Синтепоном — когда-то давно и, кажется, не взаправду — мы с Данькой набивали самую неправильную на свете лошадь зелёного цвета. Лошадь для Данькиных трудов шила мама, ибо у Даньки руки росли не из того места.
И она обиженно дулась, когда я издевался, что на криворучках, вроде неё, никто не женится. Тем более не женятся на злобных криворучках, что обзываются и кидаются, отщипывая от рулона, наполнителем.
Получают в ответ.
Объявляют войну до победного конца и последнего куска синтепона.
И квартира, в тот далёкий и безумный день, к приходу отца напоминала взрыв на фабрике мягких игрушек или белоснежное поле жестокого сражения, где в качестве оружия использовали диванные подушки.
Впрочем, использовали.
Мама за подушку, утратив все аргументы и попытки прекратить подобное безобразие, схватилась первой, включилась в битву титанов, и квартиру с гиканьем и хохотом мы переворачивали вверх дном втроем, устраивали бедлам.
А белые клочья вальсировали в воздухе, вьюжили, путаясь в волосах и разлетаясь. И от них, пружинистых и светлых, хотелось чихать.
И тогда это было смешно.
Весело.
Сейчас же, в моём удушливом и зыбко-прочном полусне, полуяви страшно. Жутко до холодного пота и ломоты в затылке, что почти невыносима. Хочется заорать, проснуться, вырваться, но серые ошмётки облепляют, не отпускают.
И в них так легко задохнуться.
Потеряться.
Провалиться в очередной то ли сон, то ли воспоминание. Туда, где не разобраться, что ложь, а что правда…
…правда или действие? — вопрос задаёт Ник.
И Ветка, прищурившись, стучит пальцем по подбородку, взирает на сидящего напротив неё Ника, и в её глазах пляшут лукавые бесенята.
Что выберет Север очевидно.
— Действие, — она произносит насмешливо.
Напевно.
Словно мурлычет, и глаза северного сияния в обманчивом свете клуба на миг кажутся зелёными, кошачьими.
— Хоть с кем-то здесь интересно играть, — Ник ухмыляется, косится на меня.
И его взгляд ничего хорошего не сулит.
— Осторожно, Никки, — Север фыркает, — твоя девушка приревнует.

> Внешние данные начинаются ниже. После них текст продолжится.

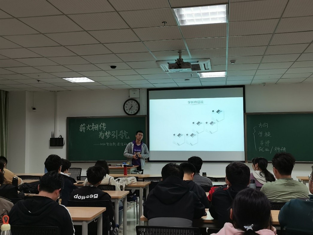 本科2018级智能制造班保研分享会在研究生楼A208教室顺利召开。机自本科2017级部分学长学姐和机自本科2018级的智能制造班全体同学参加了本次分享会。
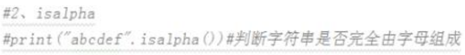 功能:检测字符串是否有字母和文字组成 格式:字符串.isalpha() 返回值:布尔值,汉字当作普通字母处理。空字符串为false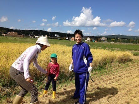 農家と学生をつなげる取り組みを能登で始めたのは、森本明日美さん。2010年、1年間休学していた際に参加したgreen drinks Kanazawaで奨学米プロジェクトについて知りました。すでに新潟と東京などでコメオヤさんと学生さんをつなげる「奨学米」のしくみがはじまっていたのです。2011年9月に『ソーシャルビジネス体験実習』という授業をきっかけに、若い人の少ない能登で、農業を担う中島アグリサービスの松田武さんと知り合いました。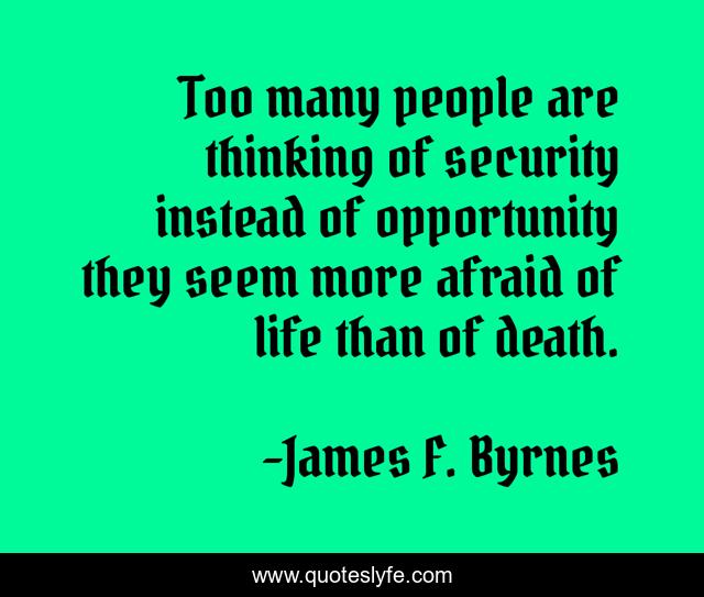 This page presents the quote "Too many people are thinking of security instead of opportunity they seem more afraid of life than of death.". Author of this quote is James F. Byrnes. .

Не девушка, а очередное увлечение на пару ночей, что на Ветку и так взирает с неприкрытой ненавистью и, правда, ревностью.
Придвигается ближе к Нику.
И руку в собственническом, смешном, жесте ему на колено кладет.

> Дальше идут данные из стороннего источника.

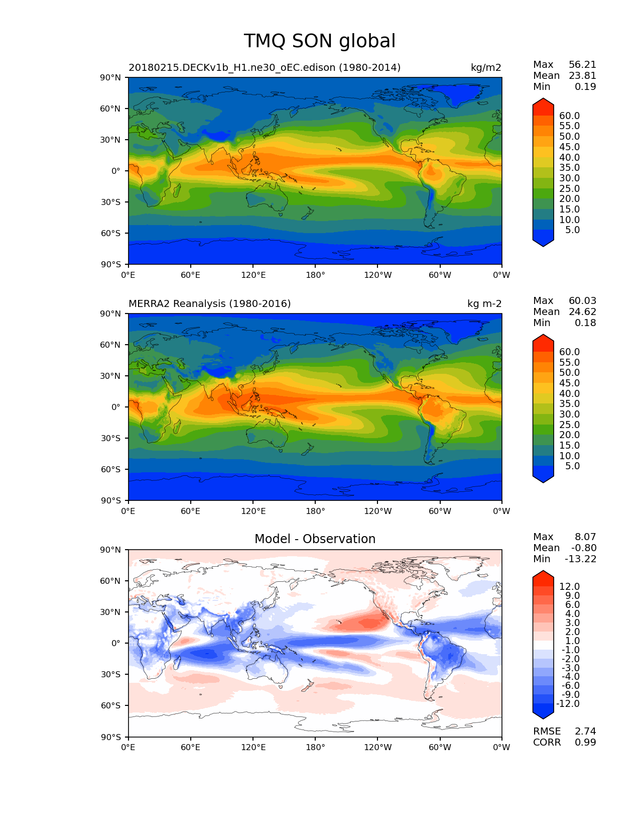 Use this command to recreate this image: | e3sm_diags lat_lon --no_viewer --case_id 'MERRA2' --sets 'lat_lon' --run_type 'model_vs_obs' --variables 'TMQ' --seasons 'SON' --regions 'global' --regrid_tool 'esmf' --regrid_method 'conservative' --main_title 'TMQ SON global' --backend 'mpl' --output_format 'png' --canvas_size_w '1212' --canvas_size_h '1628' --figsize '8.5' '11.0' --dpi '150' --arrows --contour_levels '5' '10' '15' '20' '25' '30' '35' '40' '45' '50' '55' '60' --test_name '20180215.DECKv1b_H1.ne30_oEC.edison' --test_colormap 'cet_rainbow.rgb' --ref_name 'MERRA2' --reference_name 'MERRA2 Reanalysis' --reference_colormap 'cet_rainbow.rgb' --diff_title 'Model - Observation' --diff_colormap 'diverging_bwr.rgb' --diff_levels '-12' '-9' '-6' '-4' '-3' '-2' '-1' '1' '2' '3' '4' '6' '9' '12' --multiprocessing --num_workers '15' --granulate 'variables' 'seasons' 'plevs' 'regions' --selectors 'sets' 'seasons' --reference_data_path '/global/cfs/cdirs/e3sm/acme_diags/obs_for_e3sm_diags/climatology' --test_data_path '/global/cfs/cdirs/e3sm/zhang40/postprocessing_for_e3sm_diags/climo/20180215.DECKv1b_H1.ne30_oEC.edison/1980-2014/rgr' --results_dir '/global/cfs/cdirs/e3sm/www/zhang40/tests/v230_enso' |

— Ты ревнуешь, золотце? — Ник отвлекается, целуя своё золотце, издевается, ибо вопрошает он озабоченно, но смотреть продолжает на Север, подмигивает ей. — Дадим ещё больший повод для ревности, Ветка? И не только моему золотцу, а?
Издевается Ник не над одним золотцем.
Но Север едва заметно поводит головой, смотрит пристально, и Ник, раздражающе и привычно, понимает её без слов. Кивает в ответ, и можно только завидовать и их манере общения, и их непомерному уровню взаимопонимания, кое бесит.

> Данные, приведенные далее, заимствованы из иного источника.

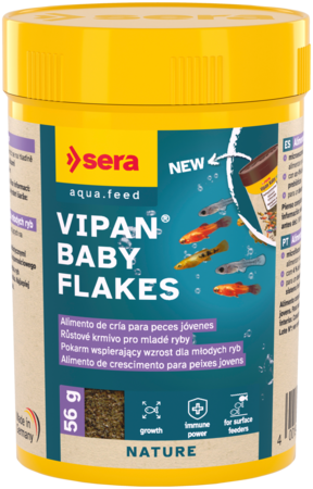 era Vipan Baby Nature é o alimento de crescimento sem corantes nem conservantes, composto por microflocos cuidadosamente processados, para todos os peixes jovens que se alimentam na superfície da água.

— Тогда раздевай, — Ник выдает иезуитскую усмешку, гипнотизирует взглядом Север, но напрягаюсь я, смотрю предостерегающе на друга, вот только он игнорирует, предлагает радушно и беззаботно, подначивает. — Снимай рубаху с того, у кого она чёрная. Давай, Ветка, восемнадцать тебе уже как две недели есть. Закон разрешает и даже одобряет.
— Никки… — Ветка смеется.
Встряхивает белоснежной копной волос, что по оголенным плечам рассыпается, привлекает внимание и взгляды.
И мне хочется разбить в кровь лощеную физиономию «Никки», объяснить кулаками, какие «действия» не стоит загадывать Север
Придурок.
— Прости, Димыч, — Ник гримасничает, допивает залпом свою бурду, и руки разводит он извиняюще, наигранно. — Ты один вырядился, как на похороны. А мы тут отмечаем совершеннолетие нашей нордической красоты.
— Прекрати называть меня нордической, — Север фыркает, поддается вперед, к Нику, наклоняется, и её бокал со скрежетом проезжается по столу к нему, останавливается на самом краю, а Ветка произносит, касаясь губами его уха. — Принято, Никки.
Она отстраняется, улыбается победно, оставляя на коже Ника след ярко-красной помады, не замечает перекошенное лицо золотца.
Ветка поднимается.
Грациозно.
Неуловимо текуче.
И на внимательный взор самых необычных глаз в мире я натыкаюсь, не могу отвести уже свой взгляд, и пошевелиться, пока Север под одобрительные возгласы Андрея с Ником движется ко мне, не получается.
Она же смотрит.
И кажется, что мир суживается, расширяется, меняется. Исчезает грохот музыки, пропадают прожектора, что бросают разноцветные отблески, высвечивая поочередно наши лица, замолкает толпа.
И людей больше нет.
Они уплощаются, превращаясь в картонки, уходят на второй, третий, сотый план, проваливаются в другую реальность, оставляя здесь и сейчас только Север.